In March 2008, the Commission decided to initiate a formal investigation against Visa Europe Limited, Visa Inc and Visa International Services Association (“VISA”) in relation to a suspected breach of what is now Article 101 in the setting of its intra-EEA cross-border MIFs. This followed the expiry at the end of 2007 of an exemption previously granted to VISA – under what is now Article 101(3) – for its cross-border payments system.

In 3 April 2009, the Commission sent a Statement of Objections to VISA alleging that its fallback MIFs restricted competition between banks contrary to Article 101 and did not meet the conditions for exemption under Article 101(3).

In 2010 VISA offered, and the Commission accepted a commitment that VISA would reduce the maximum weighted average MIF applicable to debit card payments to 0.2% of the transaction value.
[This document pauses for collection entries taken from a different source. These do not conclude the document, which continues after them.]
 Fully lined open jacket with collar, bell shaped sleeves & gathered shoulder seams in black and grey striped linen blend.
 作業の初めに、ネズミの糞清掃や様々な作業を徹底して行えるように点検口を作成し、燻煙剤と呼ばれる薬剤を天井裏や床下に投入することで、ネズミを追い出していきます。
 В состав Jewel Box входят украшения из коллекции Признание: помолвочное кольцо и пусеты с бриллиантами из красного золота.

The commitment did not cover credit cards.

In July 2012, the Commission sent VISA supplementary objections setting out an additional concern, that under VISA’s cross-border acquiring rules, the MIF in the merchant’s country was applied even if the MIF in the Issuer’s country was lower. As a result, cross-border competition remained limited; and segmentation of the market and wide divergence of fees across the EEA was preserved.

On 26 February 2014,the Commission accepted further commitments. The fine details are in §2(10) of the Decision but, essentially, the weighted average credit card MIF was capped at 0.2% for debit cards and 0.3% for credit cards.
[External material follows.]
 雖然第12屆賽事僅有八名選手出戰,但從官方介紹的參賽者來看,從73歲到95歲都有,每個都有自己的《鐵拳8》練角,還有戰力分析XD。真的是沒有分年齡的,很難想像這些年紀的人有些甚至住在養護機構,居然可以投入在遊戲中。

5) Existing claims against MasterCard and Visa

There is over £1 billion of damages claims against MasterCard and Visa in the English courts including:

  • an action by Sainsbury’s against MasterCard;
  • an action by the Deutsche Bahn, the German rail company against MasterCard; and
  • “parallel actions” by Arcadia, BHS, Topshop, Asda, B&Q, Comet, Debenhams, Homebase, Argos, House of Fraser, Iceland, Next, New Look, HMV and Morrisons against, separately, MasterCard and Visa.

Last February, the Court ruled against MasterCard’s request in the Sainsbury’s claim to first have a mini-trial (a “preliminary issue” hearing) on the question of whether Sainsbury’s was debarred from suing because Sainsbury’s Bank applied the MIF itself. This argument may nonetheless be problematic for Sainsbury’s.
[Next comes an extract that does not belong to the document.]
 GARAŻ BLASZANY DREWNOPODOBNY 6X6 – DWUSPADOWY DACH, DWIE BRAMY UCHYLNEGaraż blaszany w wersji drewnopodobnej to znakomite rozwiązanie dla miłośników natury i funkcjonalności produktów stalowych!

A preliminary issue hearing in the “parallel actions” against MasterCard is scheduled for January 2015 on the question of whether the six-year limitation rule permits the Claimants only to recover damages dating back to 2006. (The action was begun in 2012). Damages are claimed back to 1992.

A class action was brought in the US against Visa and MasterCard on behalf of merchants. The parties reached a $7.25 billion settlement.

6) Future EU Regulation of MIFs

As noted above, telephone call termination charges face a similar lack of competitive constraint, and this is overcome by regulation. An EU regulation to determine an appropriate level for domestic and cross-border MIFs has been approved by the European Parliament. It is currently being reviewed by the Council of the EU, and may be adopted in 2015. The proposal currently being discussed is:

  • That MIFs are capped at 0.3% of the transaction value for credit cards and 7¢ or 0.2% of the transaction value (whichever is lower) for debit cards.
  • This would apply to both cross-border and domestic transactions in the EU and would take effect one year after the rules come into force.

In time, lower fees should translate into lower prices for consumers.